(Beginning of Records provided)

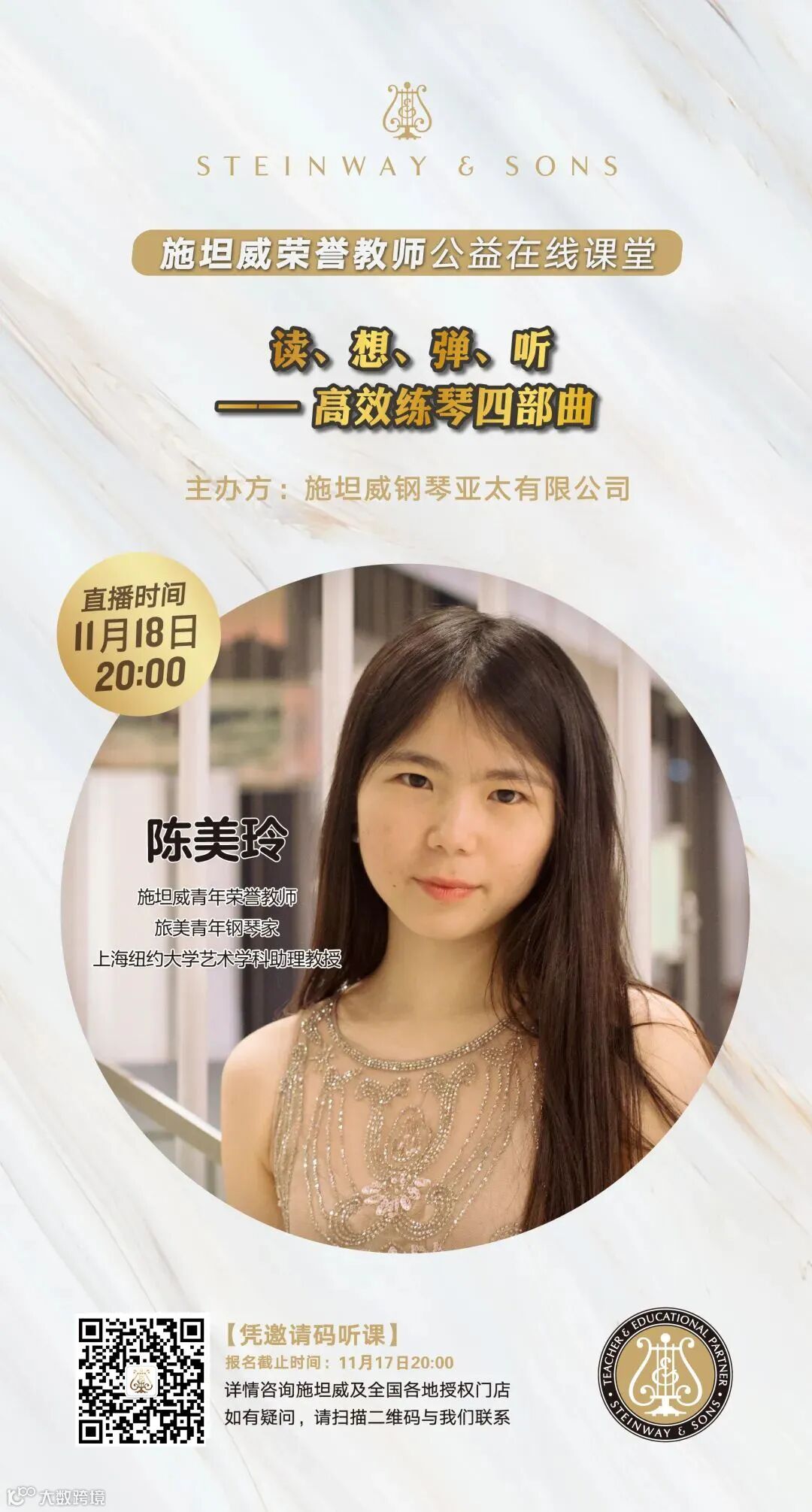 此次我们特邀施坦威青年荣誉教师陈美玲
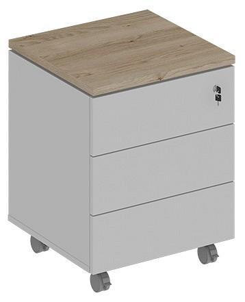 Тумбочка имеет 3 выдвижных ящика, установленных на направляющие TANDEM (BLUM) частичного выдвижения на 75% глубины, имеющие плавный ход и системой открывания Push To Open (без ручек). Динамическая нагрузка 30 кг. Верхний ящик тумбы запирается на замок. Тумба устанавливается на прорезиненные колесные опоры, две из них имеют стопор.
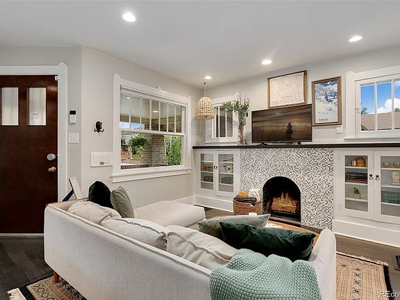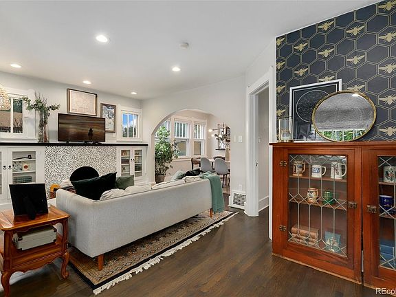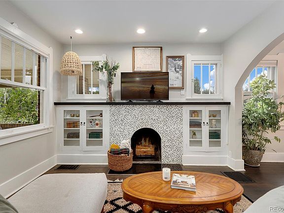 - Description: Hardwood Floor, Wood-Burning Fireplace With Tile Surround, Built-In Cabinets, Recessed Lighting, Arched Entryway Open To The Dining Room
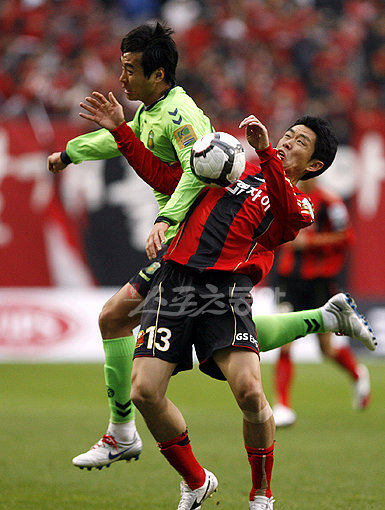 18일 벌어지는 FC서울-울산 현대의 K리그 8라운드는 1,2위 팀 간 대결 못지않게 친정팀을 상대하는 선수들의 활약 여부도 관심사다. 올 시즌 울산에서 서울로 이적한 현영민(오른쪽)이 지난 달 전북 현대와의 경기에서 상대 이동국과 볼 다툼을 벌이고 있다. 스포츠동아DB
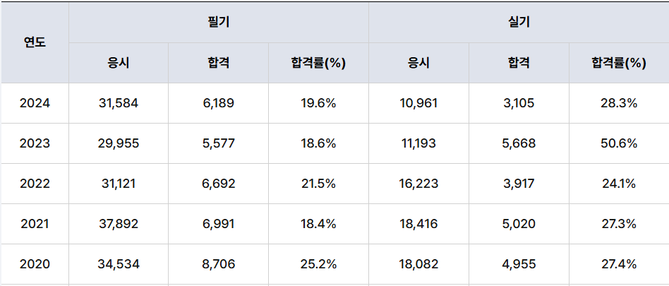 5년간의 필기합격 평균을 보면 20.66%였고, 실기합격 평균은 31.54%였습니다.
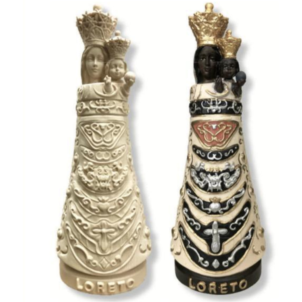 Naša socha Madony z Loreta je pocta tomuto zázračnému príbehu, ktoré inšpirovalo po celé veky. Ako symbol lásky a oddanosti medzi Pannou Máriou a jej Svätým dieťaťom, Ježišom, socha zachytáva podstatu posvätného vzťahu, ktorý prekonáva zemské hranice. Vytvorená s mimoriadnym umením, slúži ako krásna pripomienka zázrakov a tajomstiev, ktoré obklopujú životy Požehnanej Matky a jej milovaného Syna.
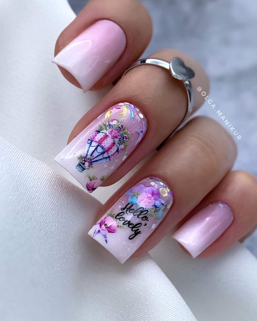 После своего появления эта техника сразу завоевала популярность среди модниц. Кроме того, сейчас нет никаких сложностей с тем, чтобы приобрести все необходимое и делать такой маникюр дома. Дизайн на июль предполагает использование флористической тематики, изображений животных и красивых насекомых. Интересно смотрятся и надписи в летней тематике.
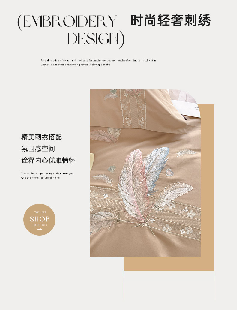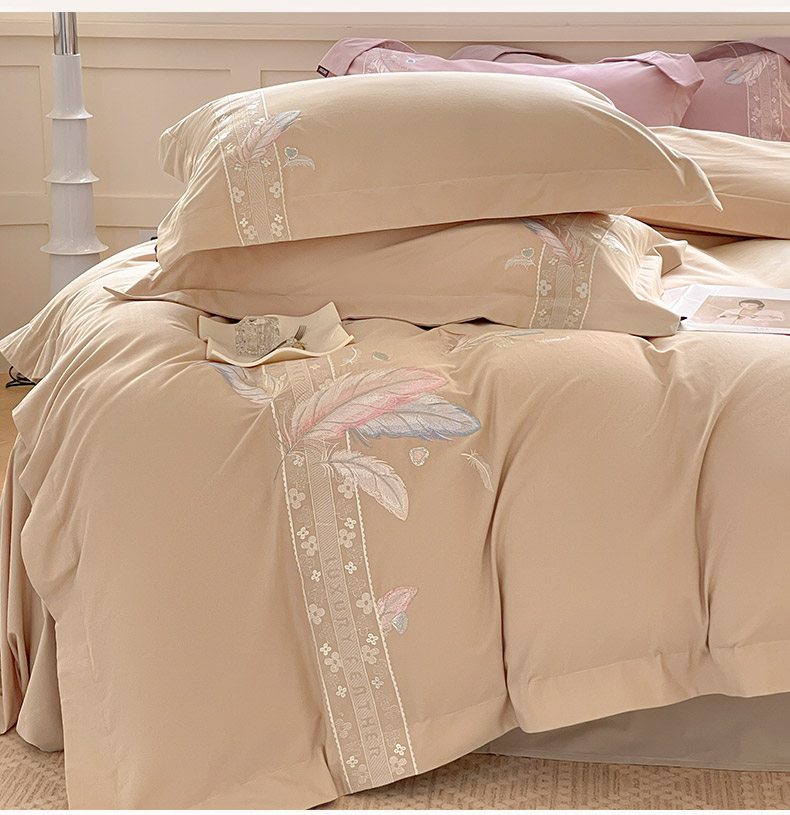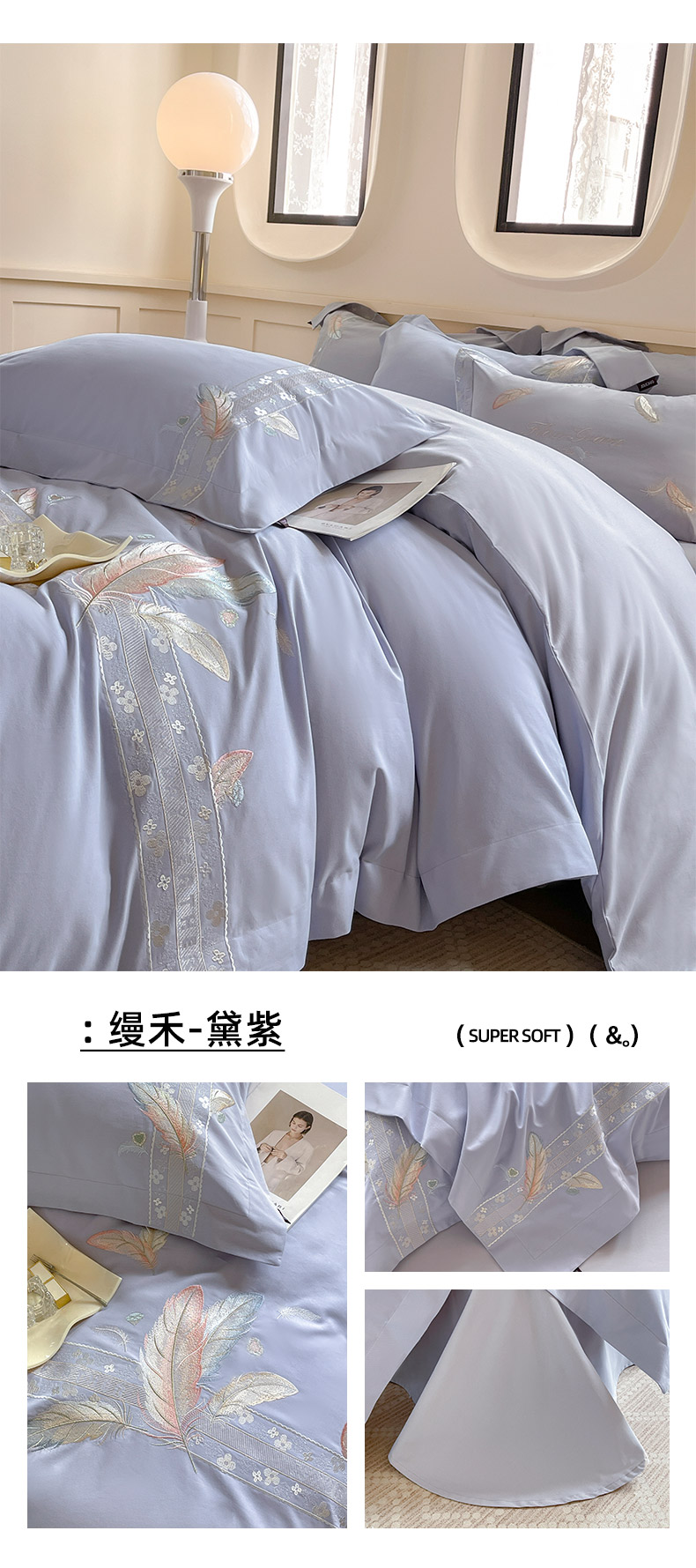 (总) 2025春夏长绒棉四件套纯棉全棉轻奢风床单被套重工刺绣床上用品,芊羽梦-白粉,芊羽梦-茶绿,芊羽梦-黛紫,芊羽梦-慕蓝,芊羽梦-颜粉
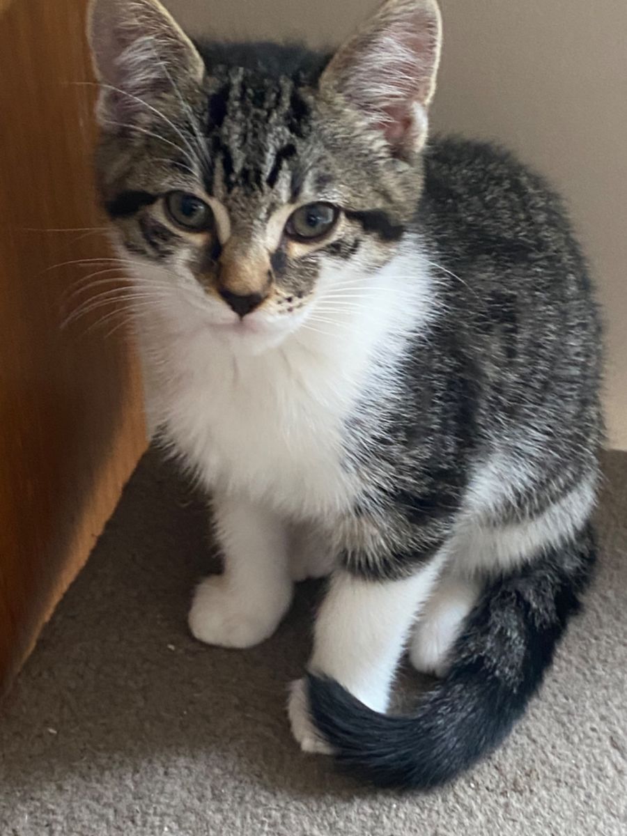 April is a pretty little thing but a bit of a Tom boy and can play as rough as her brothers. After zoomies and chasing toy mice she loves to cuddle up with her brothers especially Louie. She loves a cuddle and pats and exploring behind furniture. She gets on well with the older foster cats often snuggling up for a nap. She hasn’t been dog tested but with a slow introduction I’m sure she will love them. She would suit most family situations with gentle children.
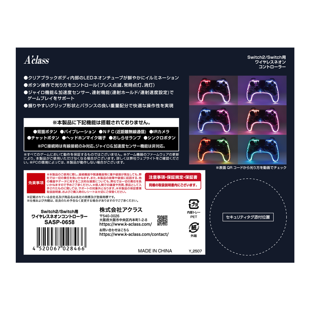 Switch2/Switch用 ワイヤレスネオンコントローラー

(End of Records provided)

About this task:
Without the pictures, return all the entries above exactly as they stand.

Response area:
 此次我们特邀施坦威青年荣誉教师陈美玲
 Тумбочка имеет 3 выдвижных ящика, установленных на направляющие TANDEM (BLUM) частичного выдвижения на 75% глубины, имеющие плавный ход и системой открывания Push To Open (без ручек). Динамическая нагрузка 30 кг. Верхний ящик тумбы запирается на замок. Тумба устанавливается на прорезиненные колесные опоры, две из них имеют стопор.
 - Description: Hardwood Floor, Wood-Burning Fireplace With Tile Surround, Built-In Cabinets, Recessed Lighting, Arched Entryway Open To The Dining Room
 18일 벌어지는 FC서울-울산 현대의 K리그 8라운드는 1,2위 팀 간 대결 못지않게 친정팀을 상대하는 선수들의 활약 여부도 관심사다. 올 시즌 울산에서 서울로 이적한 현영민(오른쪽)이 지난 달 전북 현대와의 경기에서 상대 이동국과 볼 다툼을 벌이고 있다. 스포츠동아DB
 5년간의 필기합격 평균을 보면 20.66%였고, 실기합격 평균은 31.54%였습니다.
 Naša socha Madony z Loreta je pocta tomuto zázračnému príbehu, ktoré inšpirovalo po celé veky. Ako symbol lásky a oddanosti medzi Pannou Máriou a jej Svätým dieťaťom, Ježišom, socha zachytáva podstatu posvätného vzťahu, ktorý prekonáva zemské hranice. Vytvorená s mimoriadnym umením, slúži ako krásna pripomienka zázrakov a tajomstiev, ktoré obklopujú životy Požehnanej Matky a jej milovaného Syna.
 После своего появления эта техника сразу завоевала популярность среди модниц. Кроме того, сейчас нет никаких сложностей с тем, чтобы приобрести все необходимое и делать такой маникюр дома. Дизайн на июль предполагает использование флористической тематики, изображений животных и красивых насекомых. Интересно смотрятся и надписи в летней тематике.
 (总) 2025春夏长绒棉四件套纯棉全棉轻奢风床单被套重工刺绣床上用品,芊羽梦-白粉,芊羽梦-茶绿,芊羽梦-黛紫,芊羽梦-慕蓝,芊羽梦-颜粉
 April is a pretty little thing but a bit of a Tom boy and can play as rough as her brothers. After zoomies and chasing toy mice she loves to cuddle up with her brothers especially Louie. She loves a cuddle and pats and exploring behind furniture. She gets on well with the older foster cats often snuggling up for a nap. She hasn’t been dog tested but with a slow introduction I’m sure she will love them. She would suit most family situations with gentle children.
 Switch2/Switch用 ワイヤレスネオンコントローラー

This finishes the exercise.